DATA SHOWN:
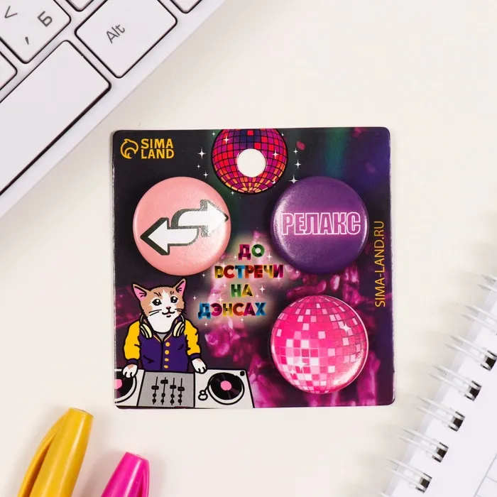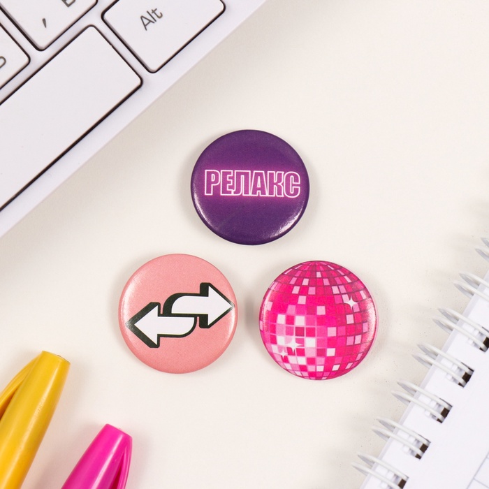 Значки закатные набор 3 шт d=25 мм "Релакс" 7х7 см — Характеристики
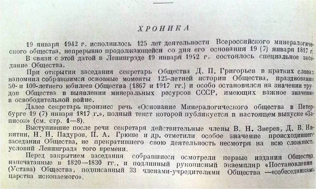 В 1942 году в блокадном Ленинграде в стенах Горного института прошло заседание, посвященное 125-летию Общества. Руководители Общества (А.П. Герасимов, Л.А. Варданянц) в то время находились в эвакуации, секретарь Д.П. Григорьев рассказал об истории Общества. Позднее полный текст выступления был опубликован в «Записках». Дальнейшие заседания Минералогического общества проходили уже в Свердловске.
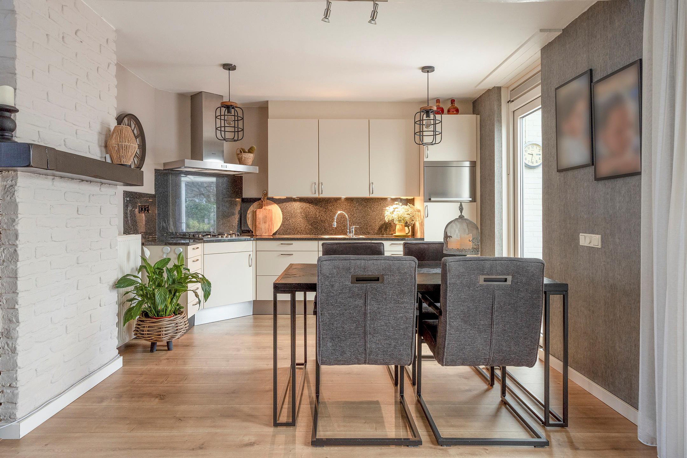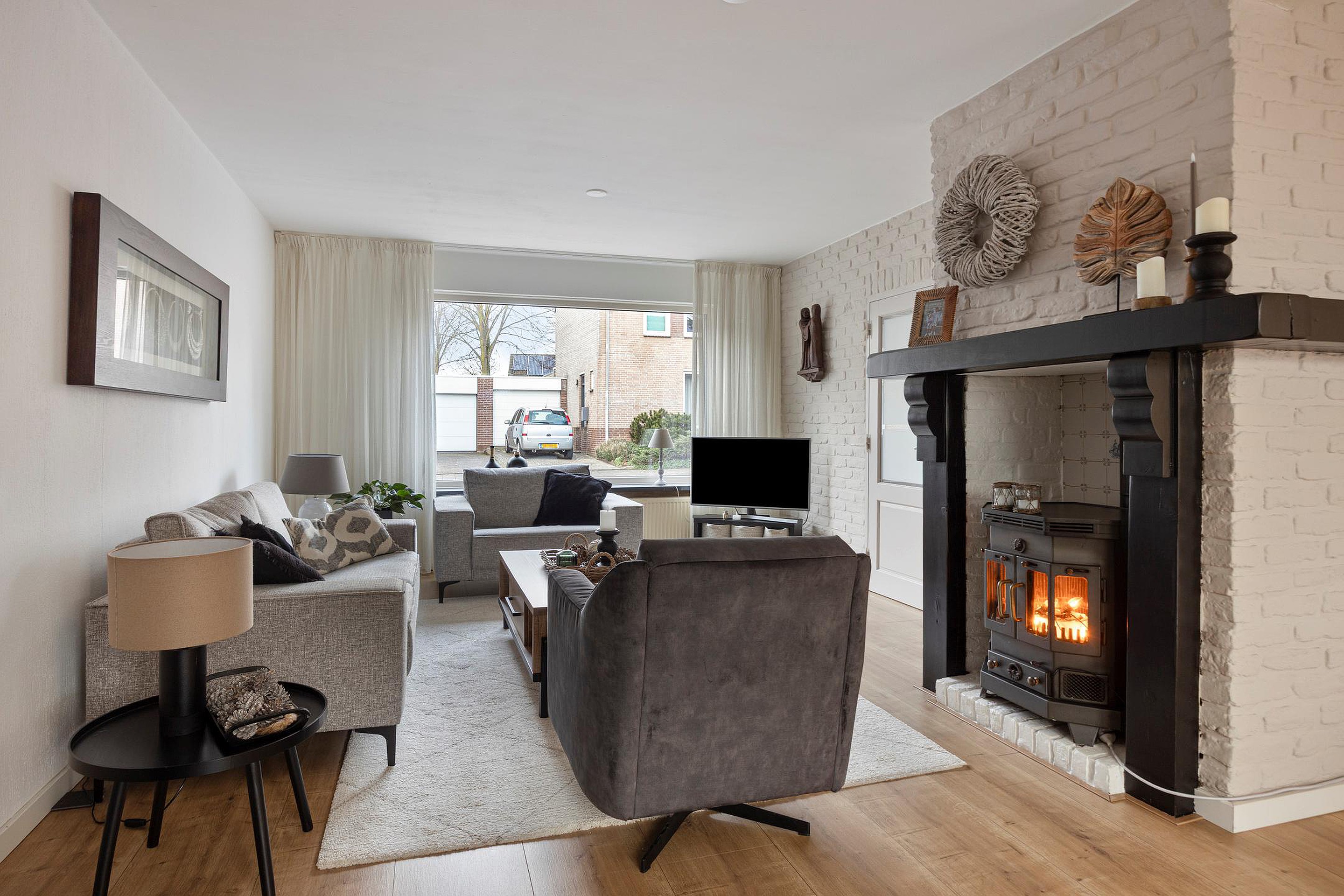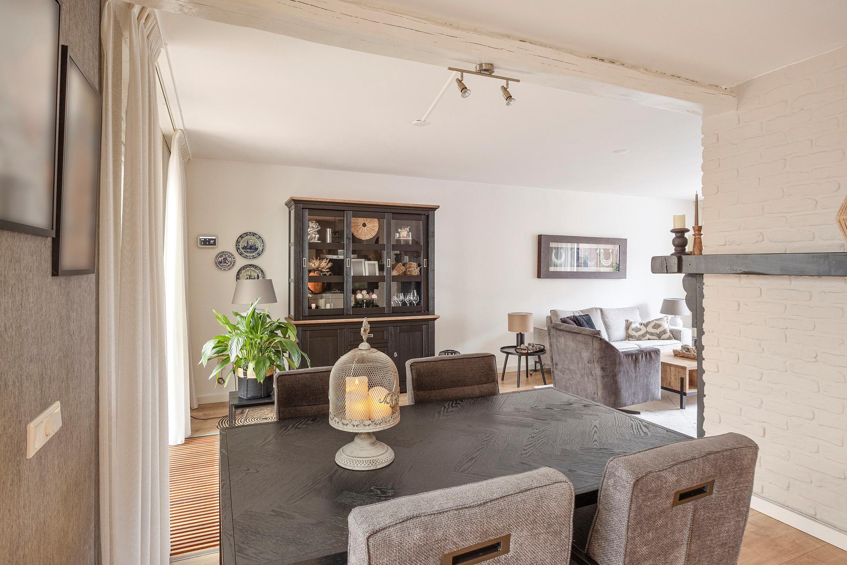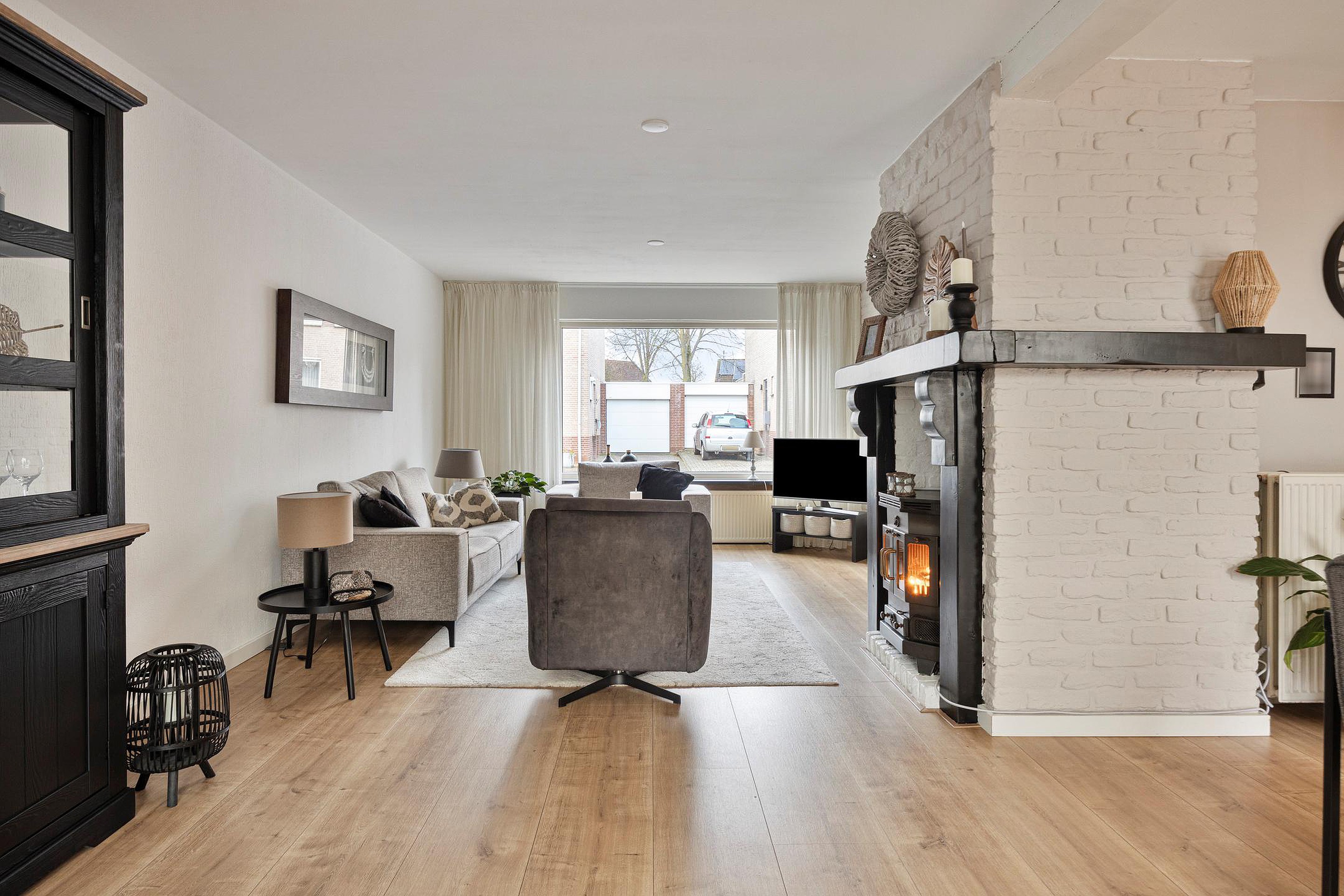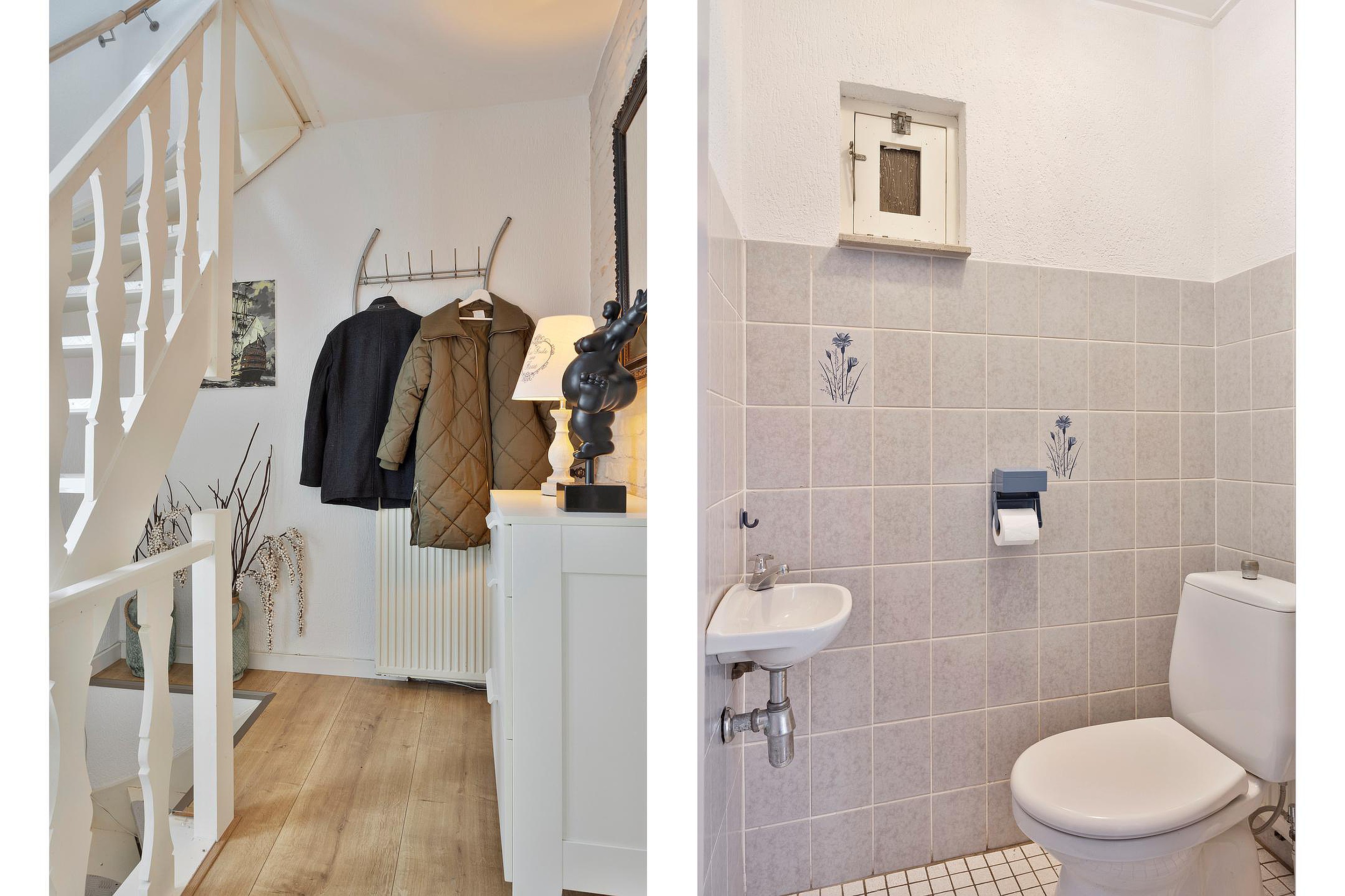 Via de entree komt u in de verzorgde hal met meterkast en een nette toiletruimte, voorzien van een staand closet en fonteintje. Vanuit hier bereikt u de ruime en lichte woonkamer van ca. 32 m2 (8 × 4m), waar sfeer en comfort samenkomen. Aan de voorzijde van de woning is een fijne zithoek gesitueerd, terwijl aan de achterzijde een gezellige eethoek naadloos overloopt in de open keuken. De kachel zorgt voor een warme, gezellige uitstraling, terwijl de grote raampartij aan de voorzijde zorgt voor een prettige hoeveelheid daglicht.

PROBLEM REQUIREMENTS:
Write out the data exactly, and exclude every picture it holds.

RESULT OF THE TASK:
 Значки закатные набор 3 шт d=25 мм "Релакс" 7х7 см — Характеристики
 В 1942 году в блокадном Ленинграде в стенах Горного института прошло заседание, посвященное 125-летию Общества. Руководители Общества (А.П. Герасимов, Л.А. Варданянц) в то время находились в эвакуации, секретарь Д.П. Григорьев рассказал об истории Общества. Позднее полный текст выступления был опубликован в «Записках». Дальнейшие заседания Минералогического общества проходили уже в Свердловске.
 Via de entree komt u in de verzorgde hal met meterkast en een nette toiletruimte, voorzien van een staand closet en fonteintje. Vanuit hier bereikt u de ruime en lichte woonkamer van ca. 32 m2 (8 × 4m), waar sfeer en comfort samenkomen. Aan de voorzijde van de woning is een fijne zithoek gesitueerd, terwijl aan de achterzijde een gezellige eethoek naadloos overloopt in de open keuken. De kachel zorgt voor een warme, gezellige uitstraling, terwijl de grote raampartij aan de voorzijde zorgt voor een prettige hoeveelheid daglicht.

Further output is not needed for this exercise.